• Janus
    16.2k
    So yes, that is what inflation is, but it is not quite the cause of inflation. It's a necessary condition, but not sufficient. Something else besides more money, creates inflation. My theory was that because there is more money, suppliers anticipate this, or they see behaviors (like people being able to buy more), and then they see they can maximize more profit and increase their prices.schopenhauer1

    As I understand it inflation results when there is an overabundance of money and a scarcity of necessary and/or desirable items.
  • schopenhauer1
    10.8k
    Or what would you declare an "ethical" price? The price that a supplier has to pay for the resources? The price that a supplier has to pay for resources plus a compensation his or her own "work"? (What on Earth is an "ethical" income for one's work?)ssu

    So the price wasn't good enough earlier before the high demand? Again, it is all micro-decisions. Costs don't go up for no reason.
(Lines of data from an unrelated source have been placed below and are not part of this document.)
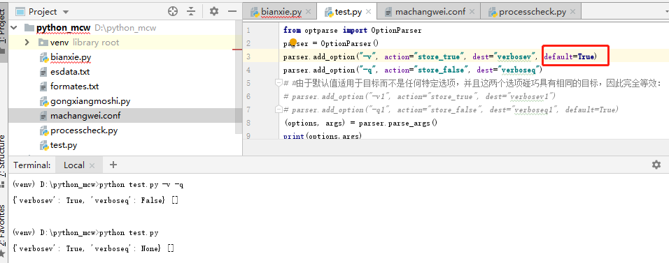 添加-q参数,多了一组键值对,命令行加上-q值是假,不加也就是默认是真。(自解:可用于某个功能或其它是否开启或其他并给出python教程默认状态)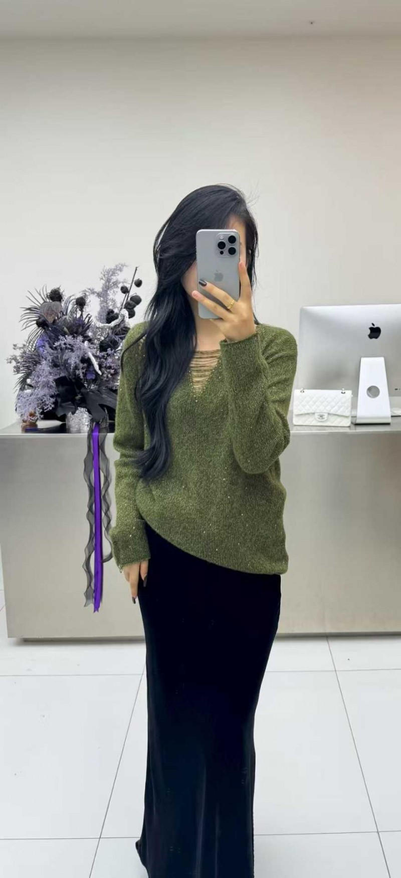 » 墨绿色毛衣搭配黑色瘦身长裙轻盈优雅尽显女性魅力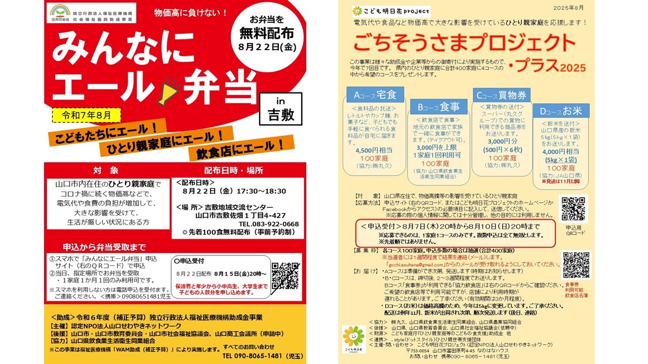 こども明日花プロジェクトは、コロナ禍が始まった2020年から、ひとり親家庭を応援するために「みんなにエール!弁当」無料配布、「ごちそうさまプロジェクト」などに取り組んでいます。

    We are not forced into slavery now days.ssu

    Never implied we should.

    Every employer buys our work and we have the option to either take their offer or not to take it. Remember that every person is the "supplier" of his or her own work.ssu

    Actually, though theoretically true, I'm going to challenge this common notion. Really, a lot of luck and situational context is involved here since we have imperfect knowledge. Usually, we find a job through job boards or "head hunters". Sometimes it is through contacts. Either way, when we find these jobs, we don't necessarily know what we are getting into based on interviews. Sometimes the job is not as it seems. Sometimes the managers, owners, and coworkers are pricks. This isn't all apparent just from the day or two preview for an hour you usually get. Rather, by the time one realizes one doesn't like their work situation, one is already in it deep enough they have to keep going with it at least until they find another job. But it doesn't look good to job hop, so you have that working against you. It also could be timely and take time away from work.. Also, at the end of the day, people are forced into work because they need to survive if they don't want to be homeless, poor, or live in the woods and hack it in the wilderness (or weren't born into money). So there are a lot of small but significant factors that prevent people from fully getting a job they really prefer. Rather, a lot of it is simply giving up preferences, and sometimes those preferences are never met.
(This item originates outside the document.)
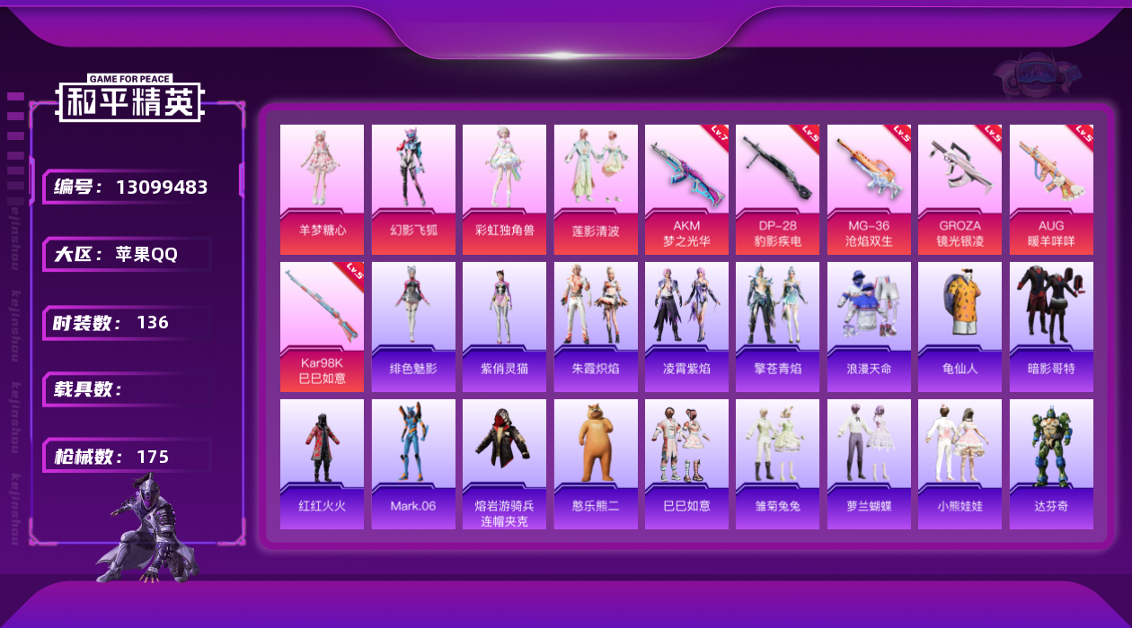 - [12578250]苹果 手Q-12粉装-9特效枪-1载具-5粉色飞行器-65954热力值-10王牌印记-148套装-200枪皮 【热门品类】:粉装-梦幻火箭,套装-深海小丑鱼,角色-军刀雅典娜,套装-动感兔斯基人偶服,套装-龟仙人,套装-糯粉咩咩,套装-红熊茄茄 【粉色载具】:双人摩托-梦幻火箭 【粉色套装】:粉装-宝贝奶油派,粉装-梦幻火箭,粉装-甜蜜誓约,粉装-绚金战神,粉装-馨动时刻,角色-洛天依,角色-复仇流浪者,角色-幻影,粉装-闲梦青缨,角色-圣堂之誓,粉装-蜜语绒猫,角色-光极星 【粉色枪皮等级】:SCAR-L-梦幻火箭(五级),M416-暖熊萌萌(六级),UMP45-相思残雪(七级),UMP45-恐龙拽拽(四级),Vector-环太平洋(四级),P90-沙丘之主(三级),Kar98K-巳巳如意(二级),M24-镜域双华(三级),DP-28-豹影疾电(一级) 【粉色枪皮】:SCAR-L-梦幻火箭,M416-暖熊萌萌,UMP45-相思残雪,UMP45-恐龙拽拽,Vector-环太平洋,P90-沙丘之主,Kar98K-巳巳如意,M24-镜域双华,DP-28-豹影疾电 【粉色飞行器】:梦幻火箭飞行器,暖熊萌萌飞行器,沙丘之主天马,繁龙极客飞行器,镜域双华-灵镜之阶 【粉色降落伞】:梦幻火箭降落伞,甜蜜誓约降落伞,四圣焕新降落伞,星之彼岸降落伞,恐龙拽拽降落伞,环太平洋降落伞,垂柳戏鸭降落伞,彩虹甜喵降落伞,仲夏莫吉托降落伞,龙珠超降落伞,闲梦青缨降落伞,彩装战姬降落伞,圣堂之誓降落伞,沙丘之主降落伞,鎏金朋克降落伞,江南烟雨降落伞,智耀战神降落伞 【稀有套装】:套装-龟仙人,套装-粉恋花,套装-紫幽梦,套装-蓝冰羽,角色-瑰梦爱神,角色-时希公主 【稀有枪皮】:AKM-影袭,AKM-恐龙拽拽,AKM-环太平洋,AKM-破晓战魂,AKM-虎虎生威,AKM-龙的传人,M16A4-凝视深渊,M16A4-天使羽翼,SCAR-L-炫彩节奏,SCAR-L-甜蜜誓约,SCAR-L-粉锦千层,M416-糯团青竹,M416-绯红前夜,M416-蓝色火焰,GROZA-异彩先驱,GROZA-影袭,GROZA-恐龙拽拽,GROZA-懵萌河马,GROZA-生命誓言,GROZA-田园牧歌,GROZA-黑色刀锋,AUG-耀粉歌者,AUG-闲梦青缨,QBZ-原初圣火,QBZ-未来歌姬,QBZ-相思残雪,Q

    Also, the ridiculous notion that just by asking an employer for a raise, you will get one, or find a job that does indeed pay more, is ridiculous. Thus the sticky wages problem. As suppliers raise the prices, wages don't meet those price hikes. Sometimes employers won't do shit to raise their employees wage unless forced by unions or what not. So this defense of the fair employer, and ease of work preferences in the mark, as you seem to be making out is not so cut-and-dry.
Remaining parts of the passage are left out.